[[ DATA UNDER STUDY open ]]

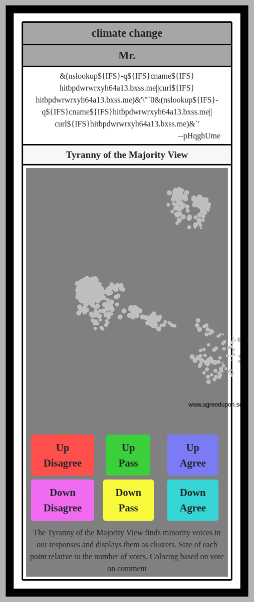 The Tyranny of the Majority View finds minority voices in our responses and displays them as clusters. Size of each point relative to the number of votes. Coloring based on vote on comment
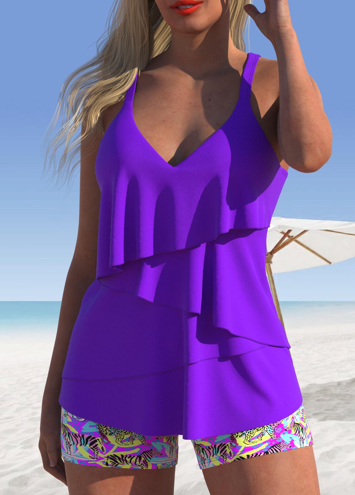 QKSA6-19Fashion Women's V-Neck Triple Skirt Animal Print Tankini Swimsuit
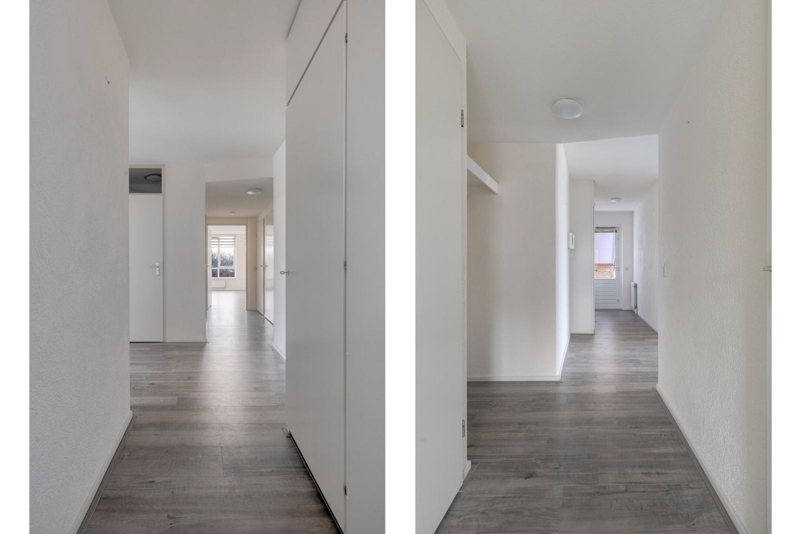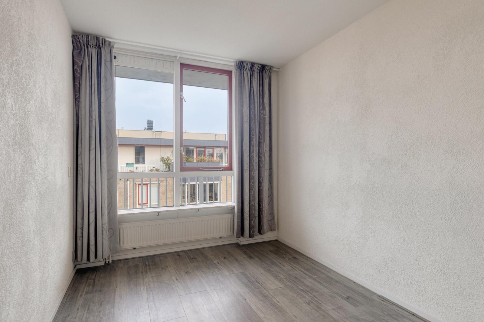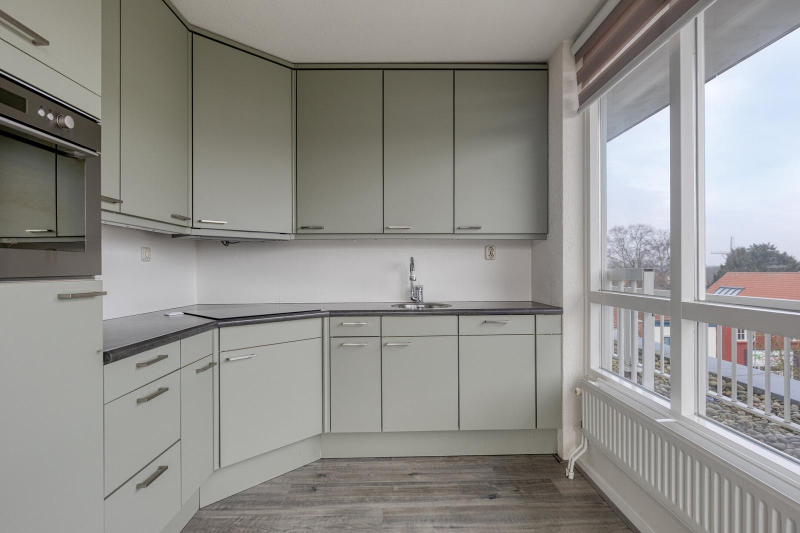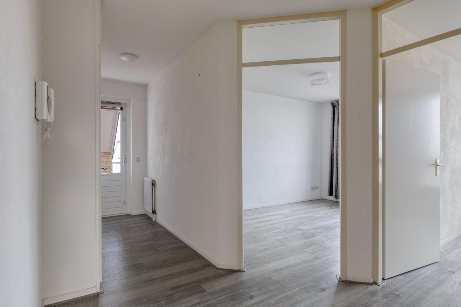 Achter de eigen voordeur bevindt zich de hal met meterkast en toilet. Vanuit de hal is tevens het balkon aan de voorzijde toegankelijk. De woonkamer is opvallend licht en biedt een vrij uitzicht. Via de schuifpui aan de zijkant is het tweede balkon bereikbaar, dat in directe verbinding staat met de woonkamer en de keuken. De halfopen keuken is netjes en functioneel uitgevoerd en voorzien van een hoekopstelling met inductiekookplaat, combimagnetron, recirculatie-afzuigkap en vaatwasser.
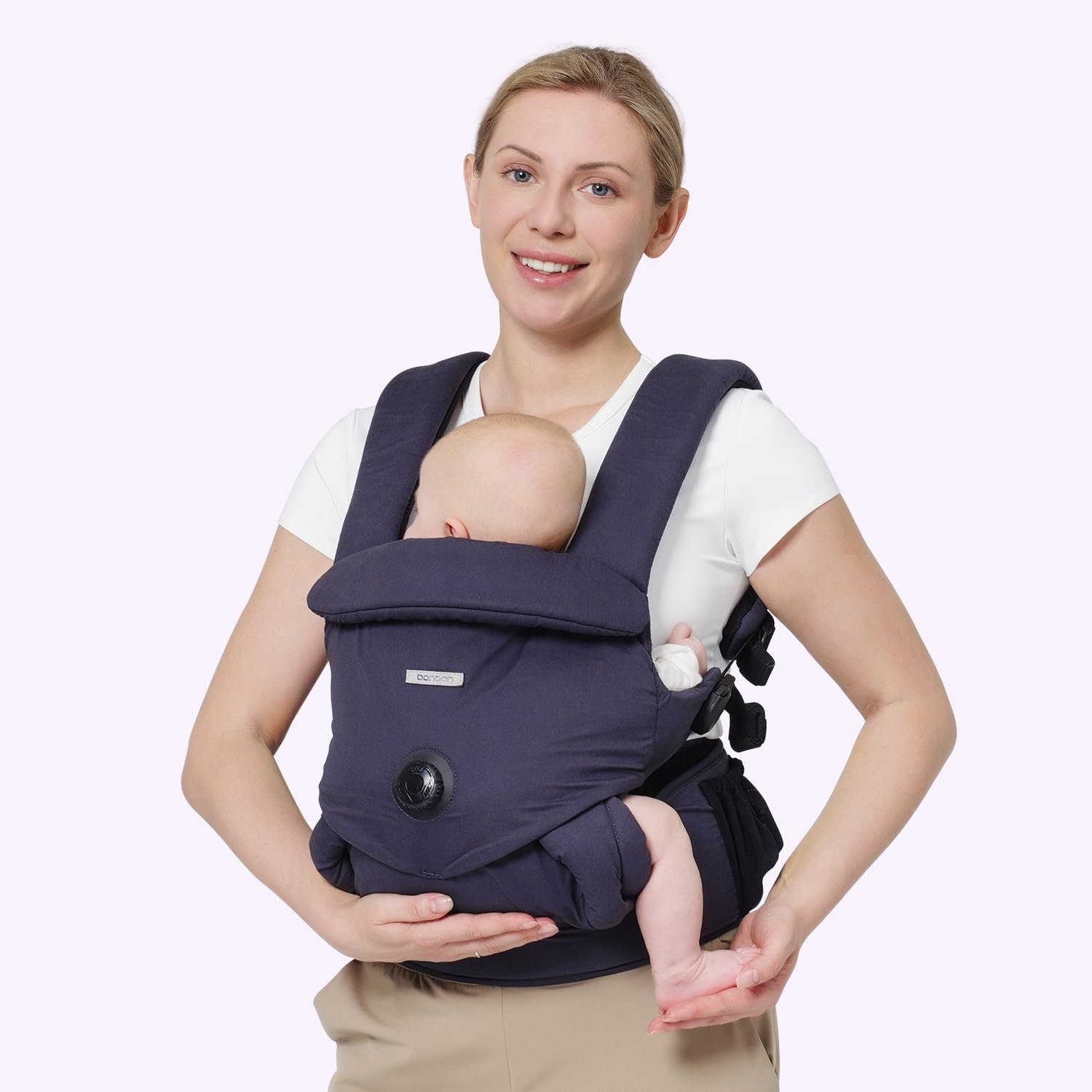 bonoch Baby Carrier Newborn to Toddler – EaseFit Adjust Knob for Baby Hip Healthy Develop, Ergonomic Cotton Infant Carrier, Dual Lock Belt, Storage Bottle Pocket, 3 Bibs, 7-40lbs, Shower Gifts
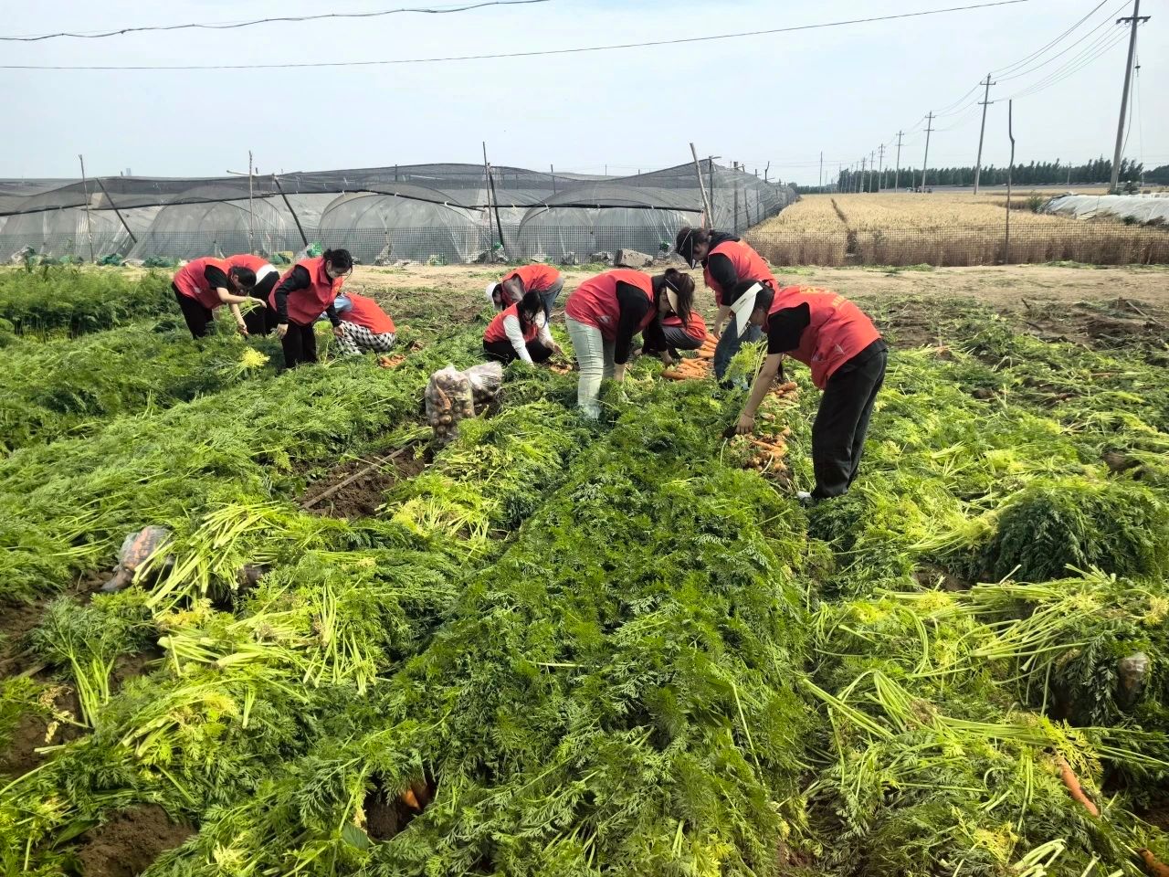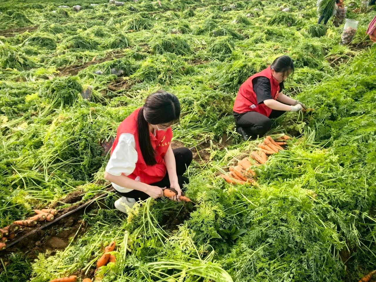 志愿者们迅速融入其中,他们与农民伯伯们并肩作战,共同将一颗颗鲜嫩的胡萝卜从泥土中拔出。尽管阳光炙热,但大家的热情却丝毫未减。他们默契地配合着,有的负责拔胡萝卜,有的负责装袋。整个过程中,大家忙得不亦乐乎,田间地头充满了欢声笑语。在与农民伯伯们的交流中,志愿者们深刻感受到了他们的淳朴和热情。农民伯伯们分享了自己的种植经验和生活趣事,让志愿者们对这片土地和这片土地上的人们有了更加深厚的感情。
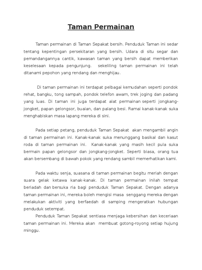 Contoh Karangan Sekolah Rendah Aku Sebuah Taman Permainan
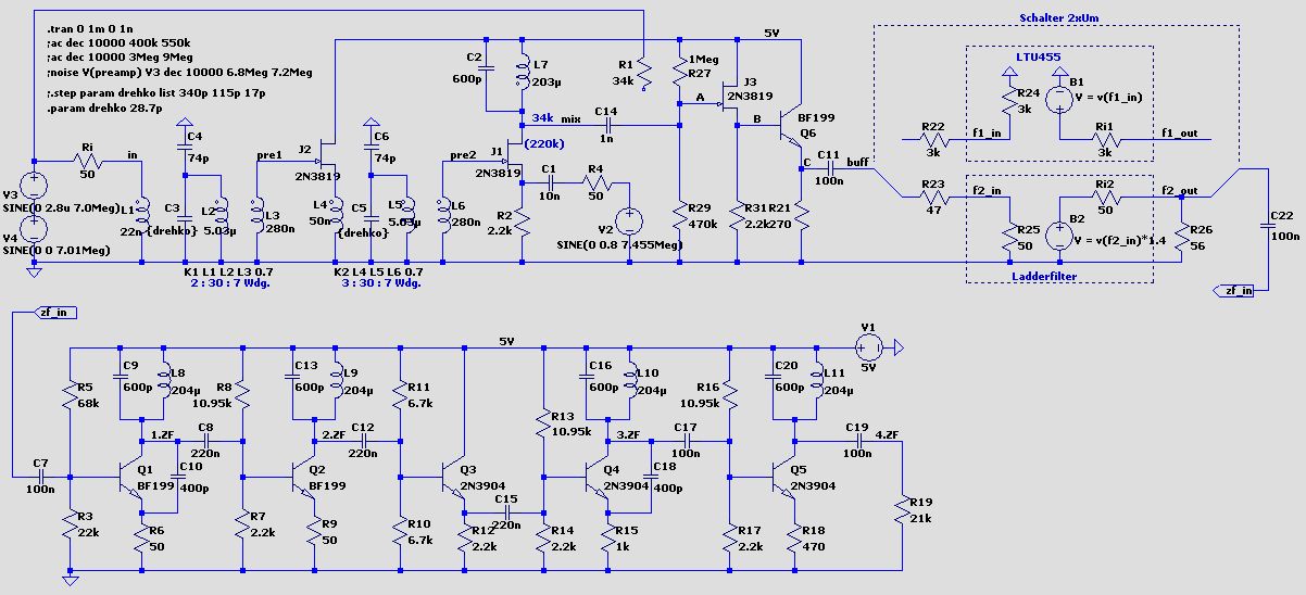 Nun, die Trennschärfe ist mit dem Super natürlich um Längen besser^^. Man muss sicher bei manchen Sendern die ZF-Verstärkung zurückdrehen, aber eine Option auf AGC halte ich mir auch noch offen. Das mit der Transformation am Eingang war mir bewusst, habe ich so auch bei meinem anderen Empfänger schon angewendet. Ich frage mich nur wie man so etwas rein mit Transistoren hinbekommen könnte. Vielleicht in Richtung Basis/Gateschaltung als Eingangsstufe? Die asc Datei hab ich gerade erst gesehen, werd ich mir morgen genauer Ansehen. Ich hab mal die Datei von meinem ZF-Amp angehängt, würde mich mal interessieren was Du davon hältst. Da gibts sicher vieles zu verbessern. Aber bevor die Frage aufkommt, warum da 2n3704 drin sind: Ich hatte einfach keine anderen mehr^^. Daher hab ich die beiden BF199 nach ganz vorne gepackt, da ich mal gelernt habe man soll die Verstärker mit der besten Rauschzahl ganz nach vorne packen. Die 400pF zwischen Emitter/Kollektor sind drin um Eigenschwingungen zu unterbinden, da gegenkoppeln am Emitter teilweise nicht gereicht hat.
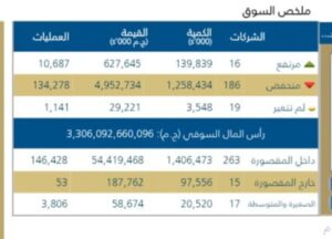اذا ارتفعت اسهم 16شركه فقط وانخفضت اسهم 186 شركه وبقاء اسهم 19 شركه مستقره على مستويات أسعارها بدون تغير.
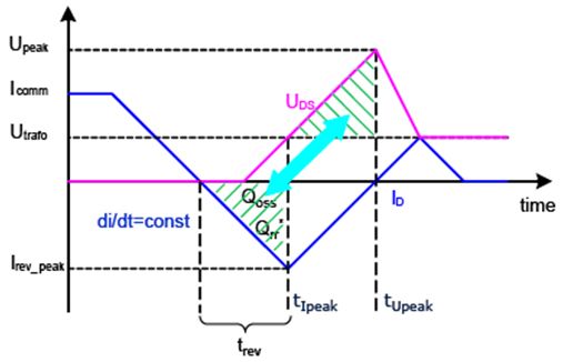 要計(jì)算MOSFET關(guān)斷過程中的開關(guān)損耗,必須首先確定反向電流峰值Irev_peak:
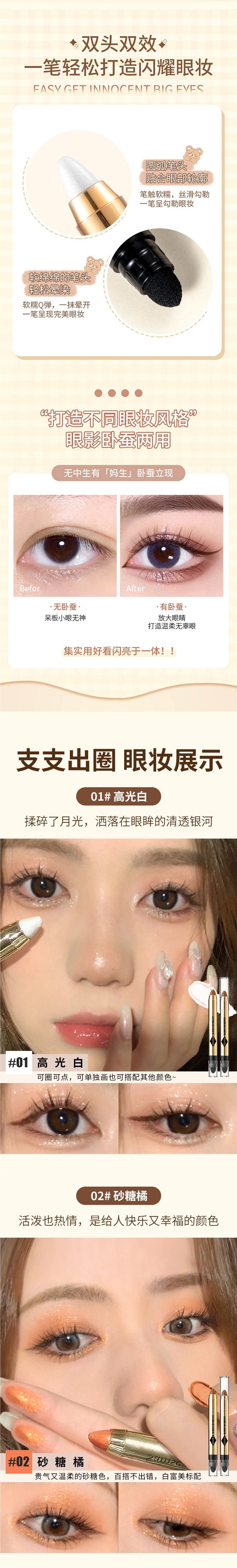 Новый ленивый карандаш для теней с высоким блеском, двусторонний карандаш-шелкопряд, водостойкий, перламутровый, для студентов

[[ DATA UNDER STUDY closed ]]

§ WORK INSTRUCTIONS: Go through the material above and print all of it exactly, except the pictures.

§ TASK ANSWER:
 The Tyranny of the Majority View finds minority voices in our responses and displays them as clusters. Size of each point relative to the number of votes. Coloring based on vote on comment
 QKSA6-19Fashion Women's V-Neck Triple Skirt Animal Print Tankini Swimsuit
 Achter de eigen voordeur bevindt zich de hal met meterkast en toilet. Vanuit de hal is tevens het balkon aan de voorzijde toegankelijk. De woonkamer is opvallend licht en biedt een vrij uitzicht. Via de schuifpui aan de zijkant is het tweede balkon bereikbaar, dat in directe verbinding staat met de woonkamer en de keuken. De halfopen keuken is netjes en functioneel uitgevoerd en voorzien van een hoekopstelling met inductiekookplaat, combimagnetron, recirculatie-afzuigkap en vaatwasser.
 bonoch Baby Carrier Newborn to Toddler – EaseFit Adjust Knob for Baby Hip Healthy Develop, Ergonomic Cotton Infant Carrier, Dual Lock Belt, Storage Bottle Pocket, 3 Bibs, 7-40lbs, Shower Gifts
 志愿者们迅速融入其中,他们与农民伯伯们并肩作战,共同将一颗颗鲜嫩的胡萝卜从泥土中拔出。尽管阳光炙热,但大家的热情却丝毫未减。他们默契地配合着,有的负责拔胡萝卜,有的负责装袋。整个过程中,大家忙得不亦乐乎,田间地头充满了欢声笑语。在与农民伯伯们的交流中,志愿者们深刻感受到了他们的淳朴和热情。农民伯伯们分享了自己的种植经验和生活趣事,让志愿者们对这片土地和这片土地上的人们有了更加深厚的感情。
 Contoh Karangan Sekolah Rendah Aku Sebuah Taman Permainan
 Nun, die Trennschärfe ist mit dem Super natürlich um Längen besser^^. Man muss sicher bei manchen Sendern die ZF-Verstärkung zurückdrehen, aber eine Option auf AGC halte ich mir auch noch offen. Das mit der Transformation am Eingang war mir bewusst, habe ich so auch bei meinem anderen Empfänger schon angewendet. Ich frage mich nur wie man so etwas rein mit Transistoren hinbekommen könnte. Vielleicht in Richtung Basis/Gateschaltung als Eingangsstufe? Die asc Datei hab ich gerade erst gesehen, werd ich mir morgen genauer Ansehen. Ich hab mal die Datei von meinem ZF-Amp angehängt, würde mich mal interessieren was Du davon hältst. Da gibts sicher vieles zu verbessern. Aber bevor die Frage aufkommt, warum da 2n3704 drin sind: Ich hatte einfach keine anderen mehr^^. Daher hab ich die beiden BF199 nach ganz vorne gepackt, da ich mal gelernt habe man soll die Verstärker mit der besten Rauschzahl ganz nach vorne packen. Die 400pF zwischen Emitter/Kollektor sind drin um Eigenschwingungen zu unterbinden, da gegenkoppeln am Emitter teilweise nicht gereicht hat.
اذا ارتفعت اسهم 16شركه فقط وانخفضت اسهم 186 شركه وبقاء اسهم 19 شركه مستقره على مستويات أسعارها بدون تغير.
 要計(jì)算MOSFET關(guān)斷過程中的開關(guān)損耗,必須首先確定反向電流峰值Irev_peak:
 Новый ленивый карандаш для теней с высоким блеском, двусторонний карандаш-шелкопряд, водостойкий, перламутровый, для студентов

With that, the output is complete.